Opened Fall 2014, the National Cancer Institute (NCI)’s Exceptional Responders Initiative (ClinicalTrials.gov Identifier: NCT02243592) is seeking “to understand the molecular underpinnings of exceptional responses to treatment, primarily via chemotherapy,” in patients with cancer.

To do this, researchers are analyzing previously collected tissue samples using whole exome sequencing and/or targeted next generation sequencing.1 Their goal is to identify biomarkers related to how well patients respond to treatment.

Barbara A. Conley, MD, associate director of the Cancer Diagnosis Program in the NCI’s Division of Cancer Treatment and Diagnosis in Bethesda, Maryland, is responsible for 2 of the Institute’s precision medicine initiatives: Exceptional Responders and NCI MATCH (Molecular Analysis for Therapy Choice).

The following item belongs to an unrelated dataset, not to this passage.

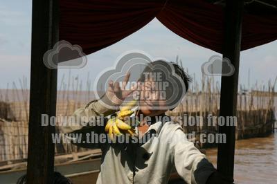 Your boy selling bananas to visitors. Tonle Sap floating village, Cambodia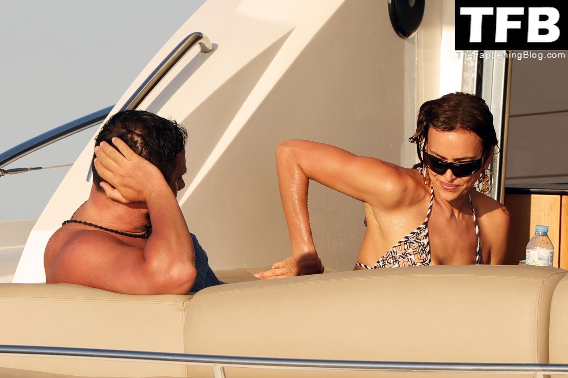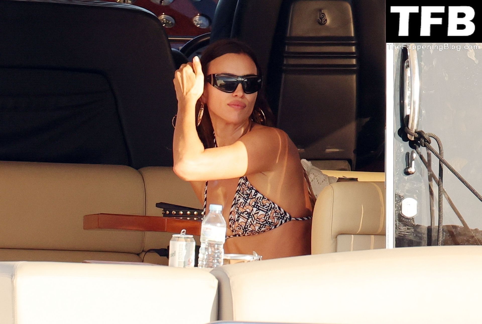A sedutora Irina exibiu sua figura incrivelmente tonificada usando um biquíni de duas peças com padrão de triângulos e completou o visual com óculos de sol pretos oversized e um par de grandes brincos dourados.

Dr Conley told Cancer Therapy Advisor that the Exceptional Responders trial is nearing its target of successfully profiling 100 cases. These include “a number of rare cancers” — 9 brain cancers, an adnexal carcinoma, an ampulla of Vater, and 8 types of blood cancer — “although the biggest numbers are in lung, colon, and breast as well as GI [gastrointestinal], as you would expect, because those are the more prevalent types of cancers.”

One of the interesting findings to date is that “most of the patients that were proposed to us are still living,” she said, which was “kind of a surprise” in that many had metastatic disease. “We are going to see what we can find out about the status of the immune system of the patients based on sequencing their tumors.”

The impetus for the initiative was that 1 patient with metastatic bladder cancer enrolled in a phase 2 trial of everolimus had a durable and ongoing complete response, despite the study failing to achieve its primary endpoint of progression-free survival.2

Whole genome sequencing identified a loss-of-function in the tuberous sclerosis complex 1 (TSC1) gene, which regulates mTOR pathway activation. After analyzing an additional 13 patients from the same trial, the authors found 3 tumors that harbored nonsense mutations in TSC1, including 2 patients with minor responses to everolimus. A fourth patient had minimal tumor regression.

In contrast, 8 of the 9 patients with disease progression were TSC1 wild type.